[Data extracted from a collection]
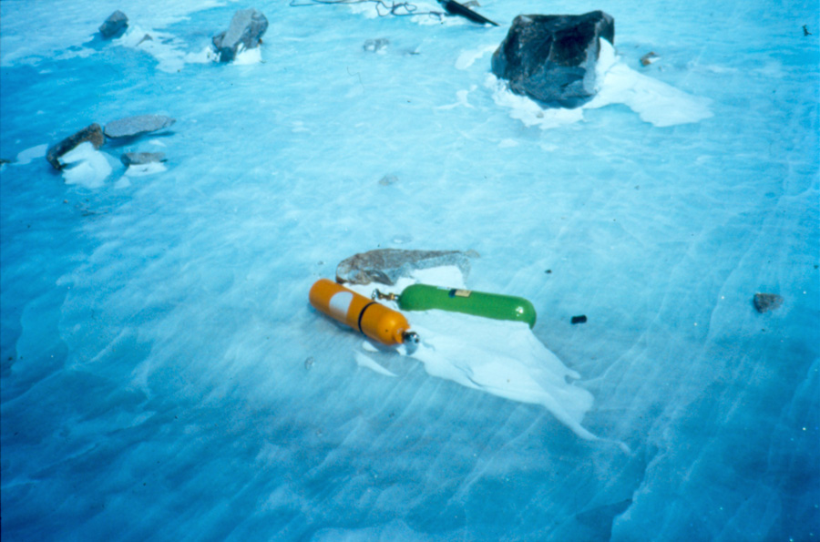 6 aprile. La testa a momenti picchia forte, non ricordavo sensazioni così, comunque non mi preoccupo più di tanto. Una bella sistemata alle tende mi distrae e non mi fa pensare ai dolori. Ricomincia il tran tran del campo base; sveglia con il tè, asciugare il sacco a pelo ed il materassino al sole, ricca colazione, quattro chiacchere, ricerca di aria da respirare, pranzo e così via. Oggi svuotiamo i bidoni e selezioniamo tutto il materiale ed il cibo; un lavoro importante al quale partecipano tutti i componenti della spedizione. La serata è molto fredda e mi basta una tazza di brodo per cena, poi a nanna nel caldo saccopiuma con coperta trapuntata nepalese.
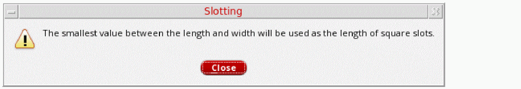 The yellow status indicates that slotting can be done, but there is an undesired parameter, or value of a parameter. When you click the Slotting button with the yellow status, a warning message appears mentioning the undesired parameter, or the value of the parameter, as shown below.
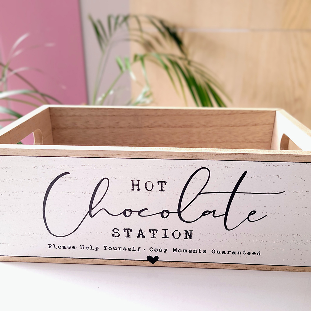 - Portland Living – hot chocolate station: een naturel, houten kratje. Het front is wit geschilderd met daarop de tekst “Hot Chocolate Station, Please help yourself – Cosy moments guaranteed”. Ideaal voor in de keuken om alle lekkers bij de hand te hebben – Afmetingen: 24 cm x 14 cm x 9 cm
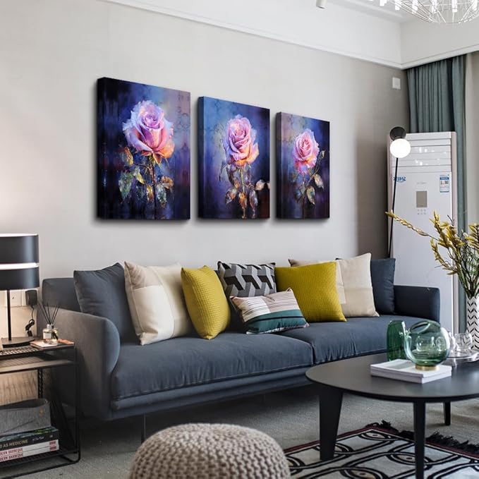 DZRWUBHS Canvas Wall Decor for Bedroom Living Room Wall Pictures Rose Flowers Wall Art Painting Modern Office Floral Home Decorations Vintage Posters Minimalist Farmhouse Ready To Hang 3 Piece
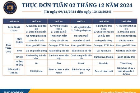 Thực đơn từ ngày 5/5/2025 đến ngày 9/5/2025
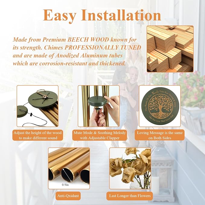 - Premium Sound Quality for Emotional Healing--Professionally tuned 5-metal tubes deliver deep, soothing tones that resonate like a calming melody. Thickened aluminum tubes and a dense wood striker ensure long-lasting, rich soundβideal for creating a serene atmosphere in gardens or yards.

What to work on:
Give back every entry word for word, and drop the pictures as you go.

Your solution:
 6 aprile. La testa a momenti picchia forte, non ricordavo sensazioni così, comunque non mi preoccupo più di tanto. Una bella sistemata alle tende mi distrae e non mi fa pensare ai dolori. Ricomincia il tran tran del campo base; sveglia con il tè, asciugare il sacco a pelo ed il materassino al sole, ricca colazione, quattro chiacchere, ricerca di aria da respirare, pranzo e così via. Oggi svuotiamo i bidoni e selezioniamo tutto il materiale ed il cibo; un lavoro importante al quale partecipano tutti i componenti della spedizione. La serata è molto fredda e mi basta una tazza di brodo per cena, poi a nanna nel caldo saccopiuma con coperta trapuntata nepalese.
 The yellow status indicates that slotting can be done, but there is an undesired parameter, or value of a parameter. When you click the Slotting button with the yellow status, a warning message appears mentioning the undesired parameter, or the value of the parameter, as shown below.
 - Portland Living – hot chocolate station: een naturel, houten kratje. Het front is wit geschilderd met daarop de tekst “Hot Chocolate Station, Please help yourself – Cosy moments guaranteed”. Ideaal voor in de keuken om alle lekkers bij de hand te hebben – Afmetingen: 24 cm x 14 cm x 9 cm
 DZRWUBHS Canvas Wall Decor for Bedroom Living Room Wall Pictures Rose Flowers Wall Art Painting Modern Office Floral Home Decorations Vintage Posters Minimalist Farmhouse Ready To Hang 3 Piece
 Thực đơn từ ngày 5/5/2025 đến ngày 9/5/2025
 - Premium Sound Quality for Emotional Healing--Professionally tuned 5-metal tubes deliver deep, soothing tones that resonate like a calming melody. Thickened aluminum tubes and a dense wood striker ensure long-lasting, rich soundβideal for creating a serene atmosphere in gardens or yards.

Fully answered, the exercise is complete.